____ Supplied information

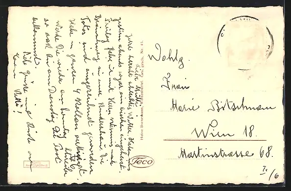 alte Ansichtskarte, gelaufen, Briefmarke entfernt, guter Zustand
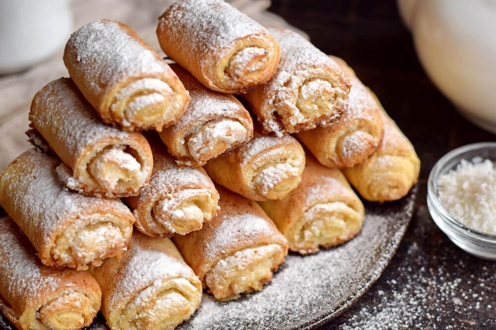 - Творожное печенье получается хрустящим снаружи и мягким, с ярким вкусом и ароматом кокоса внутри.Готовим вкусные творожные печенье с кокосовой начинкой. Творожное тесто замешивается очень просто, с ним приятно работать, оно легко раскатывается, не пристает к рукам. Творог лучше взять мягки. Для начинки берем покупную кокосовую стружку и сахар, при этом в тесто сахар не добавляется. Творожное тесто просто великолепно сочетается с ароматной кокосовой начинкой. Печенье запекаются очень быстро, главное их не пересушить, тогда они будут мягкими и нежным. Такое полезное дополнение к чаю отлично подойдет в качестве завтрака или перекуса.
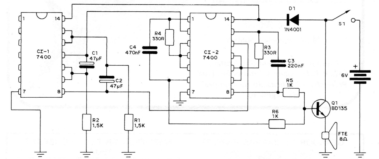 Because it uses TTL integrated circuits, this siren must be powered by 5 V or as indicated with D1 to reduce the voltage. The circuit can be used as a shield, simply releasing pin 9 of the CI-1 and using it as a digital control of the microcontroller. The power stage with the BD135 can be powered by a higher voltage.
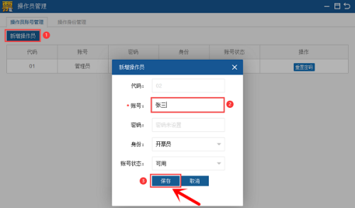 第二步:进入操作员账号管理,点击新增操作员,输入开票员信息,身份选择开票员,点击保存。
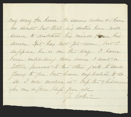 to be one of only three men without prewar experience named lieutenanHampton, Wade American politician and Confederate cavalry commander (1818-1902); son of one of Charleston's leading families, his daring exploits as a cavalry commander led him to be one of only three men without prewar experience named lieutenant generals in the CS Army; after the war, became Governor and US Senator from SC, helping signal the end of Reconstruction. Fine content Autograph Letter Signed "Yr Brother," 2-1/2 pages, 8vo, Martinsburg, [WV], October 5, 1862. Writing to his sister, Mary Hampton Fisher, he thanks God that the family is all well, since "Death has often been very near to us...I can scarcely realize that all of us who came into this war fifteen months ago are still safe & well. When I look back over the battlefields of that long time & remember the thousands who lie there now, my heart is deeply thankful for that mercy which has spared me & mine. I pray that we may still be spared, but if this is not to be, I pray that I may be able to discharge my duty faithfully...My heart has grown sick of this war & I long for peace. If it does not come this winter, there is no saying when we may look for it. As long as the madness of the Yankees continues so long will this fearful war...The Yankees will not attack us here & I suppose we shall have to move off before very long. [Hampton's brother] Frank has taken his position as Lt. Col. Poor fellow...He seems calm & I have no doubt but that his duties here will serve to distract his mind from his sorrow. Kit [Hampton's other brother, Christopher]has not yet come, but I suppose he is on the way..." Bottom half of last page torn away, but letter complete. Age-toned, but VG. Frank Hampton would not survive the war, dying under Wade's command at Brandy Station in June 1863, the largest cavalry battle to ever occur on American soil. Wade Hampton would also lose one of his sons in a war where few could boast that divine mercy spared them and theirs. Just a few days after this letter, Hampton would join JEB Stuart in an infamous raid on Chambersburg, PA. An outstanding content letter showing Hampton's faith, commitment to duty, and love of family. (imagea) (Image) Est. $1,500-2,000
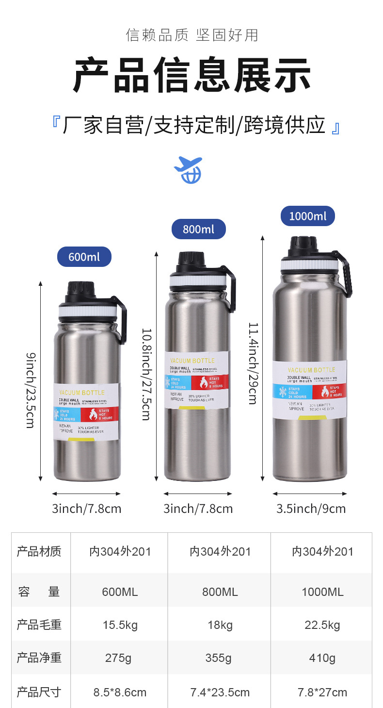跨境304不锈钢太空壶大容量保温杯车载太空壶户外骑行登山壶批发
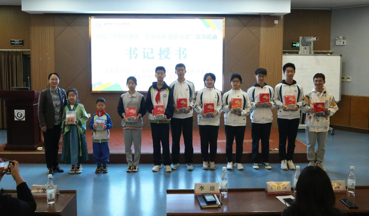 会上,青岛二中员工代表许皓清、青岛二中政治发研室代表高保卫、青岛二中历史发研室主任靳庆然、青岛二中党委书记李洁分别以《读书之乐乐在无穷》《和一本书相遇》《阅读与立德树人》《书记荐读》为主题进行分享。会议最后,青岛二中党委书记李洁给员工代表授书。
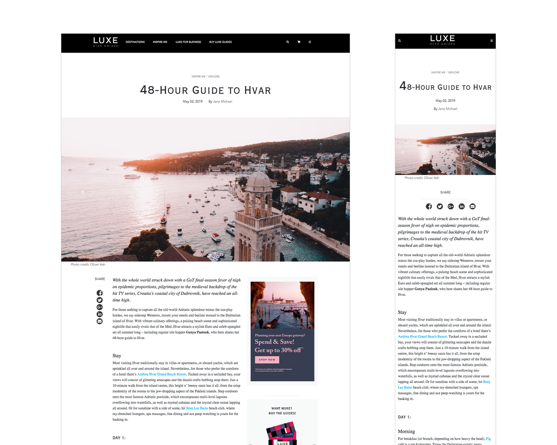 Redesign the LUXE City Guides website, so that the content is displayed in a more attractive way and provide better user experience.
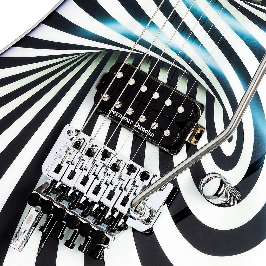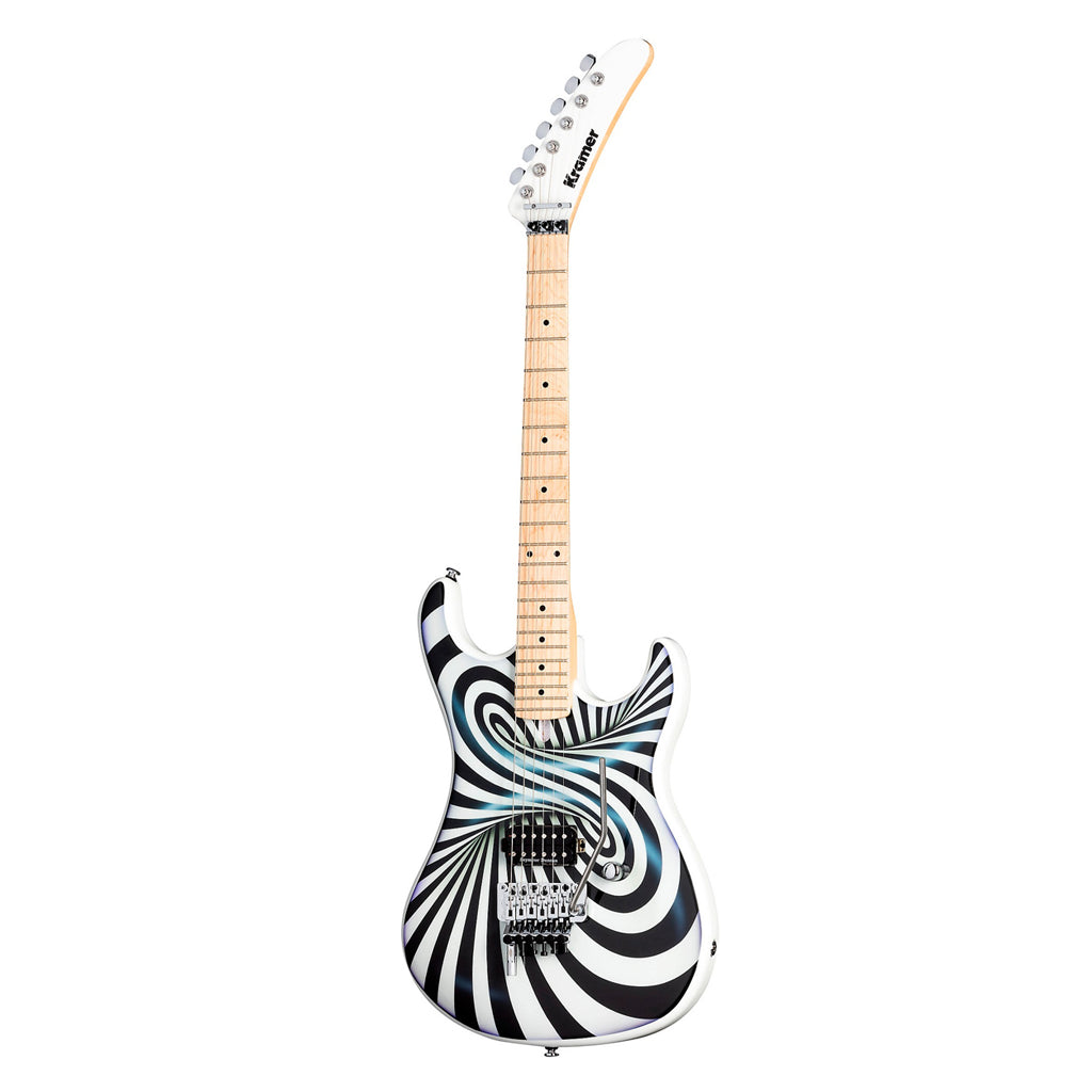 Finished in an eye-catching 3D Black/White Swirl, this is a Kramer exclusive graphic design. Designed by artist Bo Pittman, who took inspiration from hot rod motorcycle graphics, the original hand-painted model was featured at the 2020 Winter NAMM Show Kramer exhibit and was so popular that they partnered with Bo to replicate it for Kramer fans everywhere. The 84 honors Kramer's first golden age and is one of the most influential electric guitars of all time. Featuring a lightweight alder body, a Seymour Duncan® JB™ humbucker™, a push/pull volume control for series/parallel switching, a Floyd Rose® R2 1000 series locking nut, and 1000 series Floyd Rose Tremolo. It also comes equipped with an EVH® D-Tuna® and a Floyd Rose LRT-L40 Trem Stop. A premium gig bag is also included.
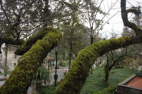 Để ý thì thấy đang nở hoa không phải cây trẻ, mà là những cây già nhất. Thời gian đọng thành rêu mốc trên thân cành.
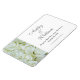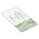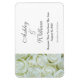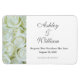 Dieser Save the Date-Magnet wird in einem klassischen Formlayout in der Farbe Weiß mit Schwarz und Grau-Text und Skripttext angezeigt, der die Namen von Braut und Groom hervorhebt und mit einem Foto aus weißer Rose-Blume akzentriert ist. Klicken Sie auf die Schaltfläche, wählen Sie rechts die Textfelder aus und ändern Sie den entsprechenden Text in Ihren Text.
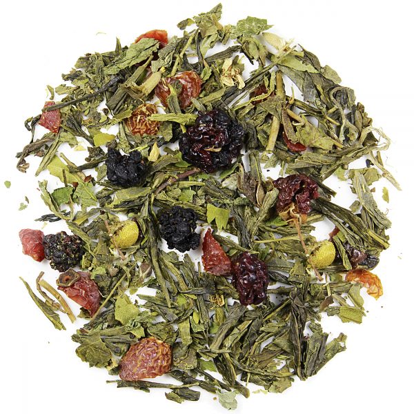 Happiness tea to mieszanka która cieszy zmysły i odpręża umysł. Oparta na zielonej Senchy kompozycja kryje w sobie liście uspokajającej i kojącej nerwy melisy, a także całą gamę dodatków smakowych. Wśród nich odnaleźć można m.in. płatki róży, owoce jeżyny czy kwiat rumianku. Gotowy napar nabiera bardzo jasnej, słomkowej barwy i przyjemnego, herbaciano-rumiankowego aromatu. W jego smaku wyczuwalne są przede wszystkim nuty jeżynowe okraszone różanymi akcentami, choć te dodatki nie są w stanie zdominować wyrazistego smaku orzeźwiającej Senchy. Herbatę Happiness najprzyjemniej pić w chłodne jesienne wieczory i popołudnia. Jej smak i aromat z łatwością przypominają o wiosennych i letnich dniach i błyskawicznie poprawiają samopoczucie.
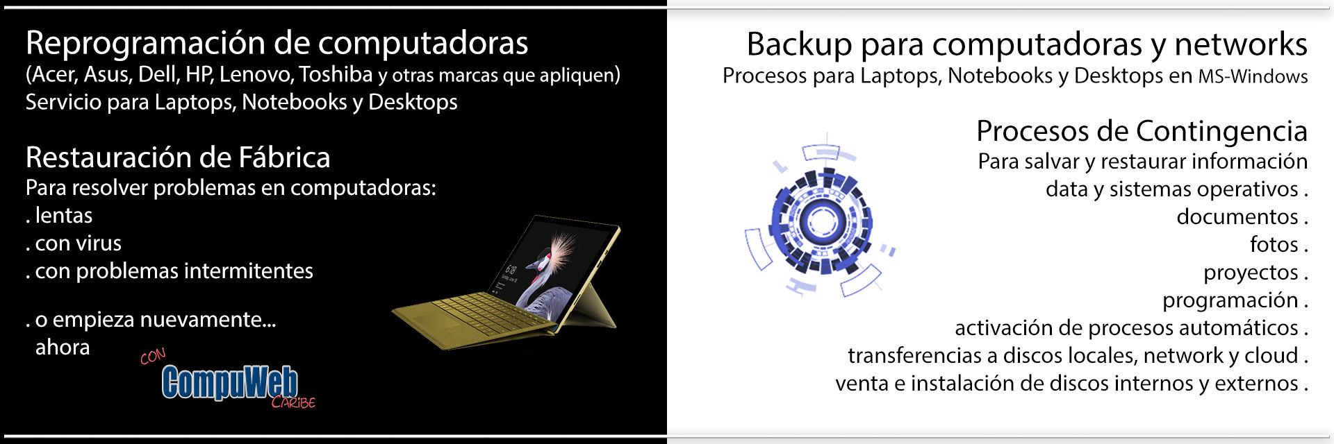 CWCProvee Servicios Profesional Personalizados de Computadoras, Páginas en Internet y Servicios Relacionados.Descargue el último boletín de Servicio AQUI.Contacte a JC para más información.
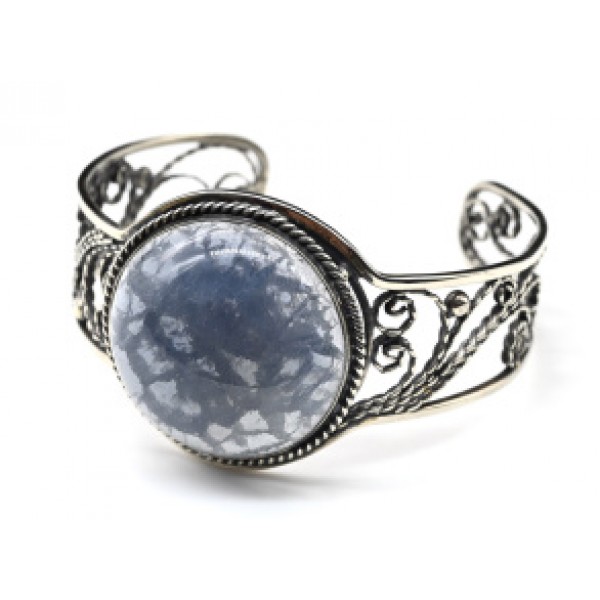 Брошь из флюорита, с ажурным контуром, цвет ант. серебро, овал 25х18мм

________

Could you reproduce every entry exactly, leaving out the pictures?

 alte Ansichtskarte, gelaufen, Briefmarke entfernt, guter Zustand
 - Творожное печенье получается хрустящим снаружи и мягким, с ярким вкусом и ароматом кокоса внутри.Готовим вкусные творожные печенье с кокосовой начинкой. Творожное тесто замешивается очень просто, с ним приятно работать, оно легко раскатывается, не пристает к рукам. Творог лучше взять мягки. Для начинки берем покупную кокосовую стружку и сахар, при этом в тесто сахар не добавляется. Творожное тесто просто великолепно сочетается с ароматной кокосовой начинкой. Печенье запекаются очень быстро, главное их не пересушить, тогда они будут мягкими и нежным. Такое полезное дополнение к чаю отлично подойдет в качестве завтрака или перекуса.
 Because it uses TTL integrated circuits, this siren must be powered by 5 V or as indicated with D1 to reduce the voltage. The circuit can be used as a shield, simply releasing pin 9 of the CI-1 and using it as a digital control of the microcontroller. The power stage with the BD135 can be powered by a higher voltage.
 第二步:进入操作员账号管理,点击新增操作员,输入开票员信息,身份选择开票员,点击保存。
 to be one of only three men without prewar experience named lieutenanHampton, Wade American politician and Confederate cavalry commander (1818-1902); son of one of Charleston's leading families, his daring exploits as a cavalry commander led him to be one of only three men without prewar experience named lieutenant generals in the CS Army; after the war, became Governor and US Senator from SC, helping signal the end of Reconstruction. Fine content Autograph Letter Signed "Yr Brother," 2-1/2 pages, 8vo, Martinsburg, [WV], October 5, 1862. Writing to his sister, Mary Hampton Fisher, he thanks God that the family is all well, since "Death has often been very near to us...I can scarcely realize that all of us who came into this war fifteen months ago are still safe & well. When I look back over the battlefields of that long time & remember the thousands who lie there now, my heart is deeply thankful for that mercy which has spared me & mine. I pray that we may still be spared, but if this is not to be, I pray that I may be able to discharge my duty faithfully...My heart has grown sick of this war & I long for peace. If it does not come this winter, there is no saying when we may look for it. As long as the madness of the Yankees continues so long will this fearful war...The Yankees will not attack us here & I suppose we shall have to move off before very long. [Hampton's brother] Frank has taken his position as Lt. Col. Poor fellow...He seems calm & I have no doubt but that his duties here will serve to distract his mind from his sorrow. Kit [Hampton's other brother, Christopher]has not yet come, but I suppose he is on the way..." Bottom half of last page torn away, but letter complete. Age-toned, but VG. Frank Hampton would not survive the war, dying under Wade's command at Brandy Station in June 1863, the largest cavalry battle to ever occur on American soil. Wade Hampton would also lose one of his sons in a war where few could boast that divine mercy spared them and theirs. Just a few days after this letter, Hampton would join JEB Stuart in an infamous raid on Chambersburg, PA. An outstanding content letter showing Hampton's faith, commitment to duty, and love of family. (imagea) (Image) Est. $1,500-2,000
跨境304不锈钢太空壶大容量保温杯车载太空壶户外骑行登山壶批发
 会上,青岛二中员工代表许皓清、青岛二中政治发研室代表高保卫、青岛二中历史发研室主任靳庆然、青岛二中党委书记李洁分别以《读书之乐乐在无穷》《和一本书相遇》《阅读与立德树人》《书记荐读》为主题进行分享。会议最后,青岛二中党委书记李洁给员工代表授书。
 Redesign the LUXE City Guides website, so that the content is displayed in a more attractive way and provide better user experience.
 Finished in an eye-catching 3D Black/White Swirl, this is a Kramer exclusive graphic design. Designed by artist Bo Pittman, who took inspiration from hot rod motorcycle graphics, the original hand-painted model was featured at the 2020 Winter NAMM Show Kramer exhibit and was so popular that they partnered with Bo to replicate it for Kramer fans everywhere. The 84 honors Kramer's first golden age and is one of the most influential electric guitars of all time. Featuring a lightweight alder body, a Seymour Duncan® JB™ humbucker™, a push/pull volume control for series/parallel switching, a Floyd Rose® R2 1000 series locking nut, and 1000 series Floyd Rose Tremolo. It also comes equipped with an EVH® D-Tuna® and a Floyd Rose LRT-L40 Trem Stop. A premium gig bag is also included.
 Để ý thì thấy đang nở hoa không phải cây trẻ, mà là những cây già nhất. Thời gian đọng thành rêu mốc trên thân cành.
 Dieser Save the Date-Magnet wird in einem klassischen Formlayout in der Farbe Weiß mit Schwarz und Grau-Text und Skripttext angezeigt, der die Namen von Braut und Groom hervorhebt und mit einem Foto aus weißer Rose-Blume akzentriert ist. Klicken Sie auf die Schaltfläche, wählen Sie rechts die Textfelder aus und ändern Sie den entsprechenden Text in Ihren Text.
 Happiness tea to mieszanka która cieszy zmysły i odpręża umysł. Oparta na zielonej Senchy kompozycja kryje w sobie liście uspokajającej i kojącej nerwy melisy, a także całą gamę dodatków smakowych. Wśród nich odnaleźć można m.in. płatki róży, owoce jeżyny czy kwiat rumianku. Gotowy napar nabiera bardzo jasnej, słomkowej barwy i przyjemnego, herbaciano-rumiankowego aromatu. W jego smaku wyczuwalne są przede wszystkim nuty jeżynowe okraszone różanymi akcentami, choć te dodatki nie są w stanie zdominować wyrazistego smaku orzeźwiającej Senchy. Herbatę Happiness najprzyjemniej pić w chłodne jesienne wieczory i popołudnia. Jej smak i aromat z łatwością przypominają o wiosennych i letnich dniach i błyskawicznie poprawiają samopoczucie.
 CWCProvee Servicios Profesional Personalizados de Computadoras, Páginas en Internet y Servicios Relacionados.Descargue el último boletín de Servicio AQUI.Contacte a JC para más información.
 Брошь из флюорита, с ажурным контуром, цвет ант. серебро, овал 25х18мм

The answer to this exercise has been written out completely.